Leading Nigerian banks are making significant moves to raise N1.26 trillion in compliance with the Central Bank of Nigeria’s (CBN) new recapitalization requirements. The CBN announced in March 2024 that the minimum capital base for banks operating in Nigeria would be increased, and banks have until March 31, 2026, to meet these requirements.
Zenith Bank, Access Holdings, Fidelity Bank, GTCO, and FCMB Group are spearheading this effort, launching rights issues and public offers to raise the necessary funds.
Zenith Bank is set to initiate a N188.4 billion rights issue, offering 5.23 billion shares at N36 each, pre-allocated to existing shareholders at a ratio of one new share for every six held as of July 24.
FCMB Group has also entered the capital market with a public offer of 15.197 billion ordinary shares at N7.50 per share, aiming to raise N113.98 billion.
Access Holdings plans to generate N351 billion from existing shareholders, offering approximately 17.773 billion shares at N19.75 per share, with the rights pre-allocated at one new share for every two shares held as of June 7. This offer is set to close on August 14.
Guaranty Trust Holding Company (GTCO) is targeting N400.5 billion through a public offer of 9.0 billion shares at N44.50 per share, which will close on August 12.
Fidelity Bank, after receiving shareholder approval, has increased its capital raising target from N127.1 billion to N205.45 billion. The bank is issuing an additional 8.2 billion shares to accommodate potential oversubscriptions of its ongoing rights and public offers. Initially, Fidelity Bank launched a hybrid offer consisting of a rights issue of 3.2 billion shares at N9.25 per share and a public offer of 10 billion shares at N9.75 per share.

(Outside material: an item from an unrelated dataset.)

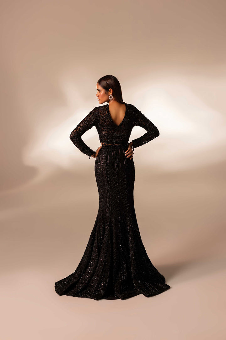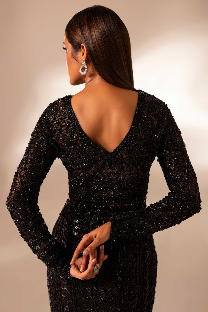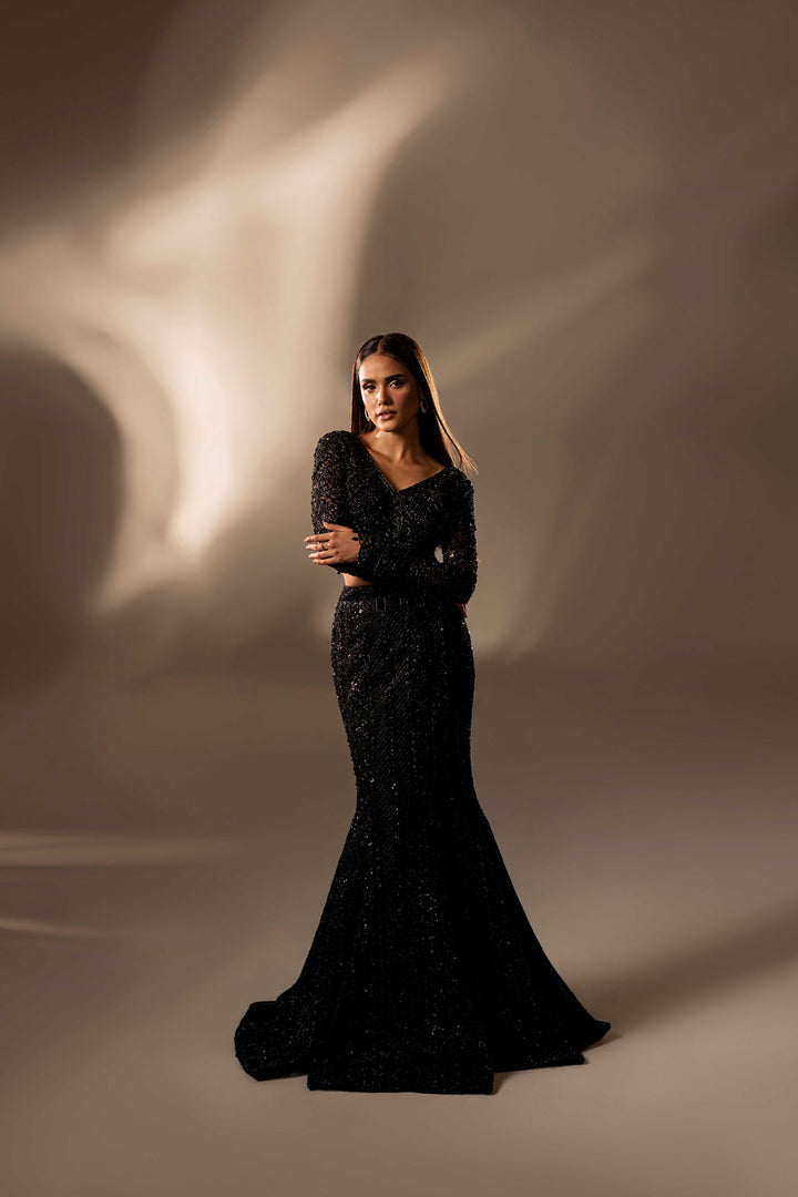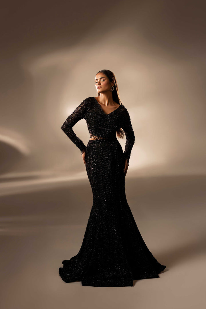 A vision of couture artistry, ethereal mesmerizing black skirt, hand-embellished with Swarovski, pearls, naqshi, sequins, and cut stones, reimagined in dramatic skirt and statement blouse. An eternal ode to elegance and modern glamour.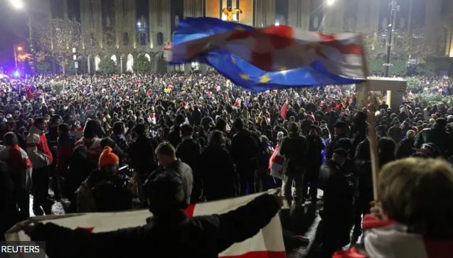 Протесты в Тбилиси спонтанно начались в четверг, вскоре после того, как премьер-министр Грузии Ираклий Кобахидзе заявил, что страна замораживает переговоры о вступлении в Евросоюз до 2028 года — и на этот же срок замораживает все совместные программы с ЕС.

This recapitalization drive comes in response to the CBN’s revised definition of minimum capital, which now considers the sum of share capital and share premium rather than total shareholders’ funds. This change necessitates that nearly all banks raise additional funds to maintain their banking licenses.
The CBN’s mandate is designed to strengthen the financial stability of banks amid economic challenges. Analysts and financial experts have expressed support for this move, highlighting its potential to reinforce the country’s financial system and bolster the stock market.
As Nigerian banks race to meet these new capital requirements, the industry is poised for significant changes, ensuring greater resilience and stability in the financial sector.